When there are more threshold values, expansion processing can be performed according to Equations 8,9 to obtain the corresponding models.

3.2.3 Endogenous test

The endogenous problem is not considered in the estimation process of the benchmark equation, which leads to biased and inconsistent coefficient estimation of the benchmark equation. This study considers the endogenous problem in the benchmark equation and uses two methods to test the endogeneity of the benchmark equation. The first method introduces the dependent variable with a lag of one period into the benchmark equation, builds a dynamic panel model, and uses the generalized method of moments (GMM) proposed by Hansen (1982) for estimation. The second method uses the two-stage least squares method (IV-2SLS) of instrumental variables proposed by Basmann (1957) and Theil (1971) for estimation. The estimation results of the preceding two equations are mutually verified.

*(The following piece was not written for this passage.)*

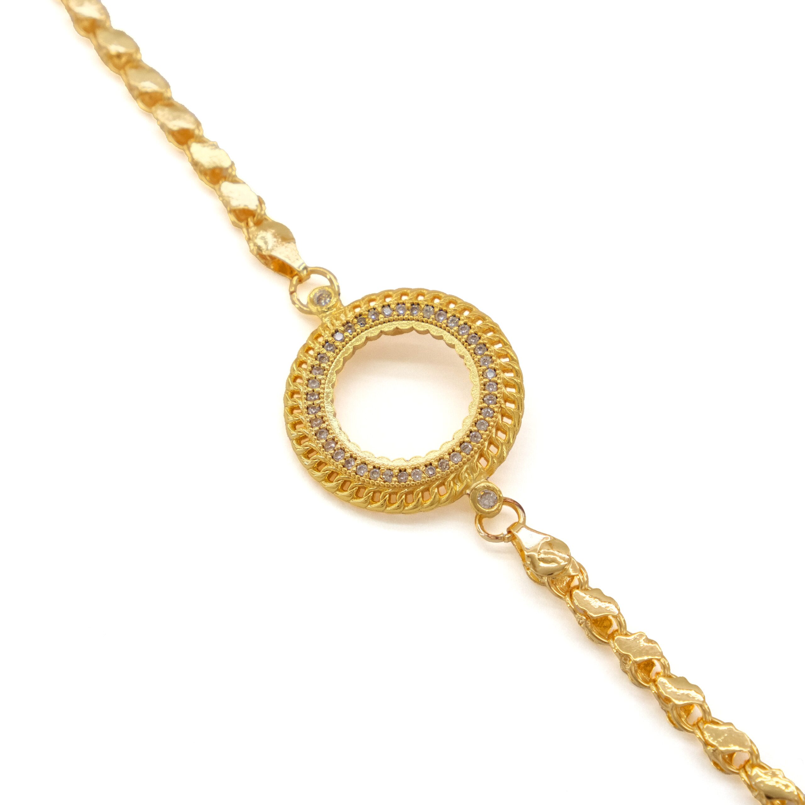Toptan takı ve kuyumcu vitrinlerinin vazgeçilmezi olan Çerçeve Bileklik modellerimiz, özellikle düğün sezonlarında ve özel günlerde en çok talep gören ürünlerin başında gelir. Çeyrek Altın Çerçeve Bileklik Çelik Altın Kaplama Arpa Model BLK-1099, içine yerleştirilecek altın (çeyrek/yarım/tam) ile mükemmel uyum sağlayacak şekilde, gerçek altın kalıpları kullanılarak üretilmiştir.

3.2.3.1 Generalized moment estimation

Generalized moment estimation (GMM) includes first difference GMM and system GMM. This study selects system GMM for analysis. The reason is that the differential GMM firstly eliminates the fixed effect in the original equation through the first-order difference. Nevertheless, there is still a sequence correlation between the lag dependent variable and error term. In the selection of instrumental variables, the lag level variable of explanatory variables is taken as the instrumental variable of differential variables. When this method is used in the economic growth equation, it can eliminate the disregarded individual effects, but it can also eliminate endogenous problems caused by independence. However, the problem of the difference GMM estimation is that it requires the lag level variable as a tool variable to substantially explain the difference variable. Moreover, the estimation coefficient may be biased when the sample size is small, leading to the problem of weak tool variable. System GMM estimation generates the effective estimation value by using information hidden in the initial conditions. Its basic principle is that whilst using the conventional method, the lag first-order difference of the variable is used as tool variable in the equation to increase the effectiveness of the tool variable. Compared with the difference GMM estimation, the estimation efficiency of the system GMM estimation is higher. The constructed equation is as follows:

$\begin{array}{ll}ln{y}_i={\alpha }_i+{\beta }_{1i}ln{X}_i+{\beta }_{2i}ln{y}_i\left(-1\right)+{\mu }_i& (10)\end{array}$

3.2.3.2 Tool variable least square method (iv-2sls)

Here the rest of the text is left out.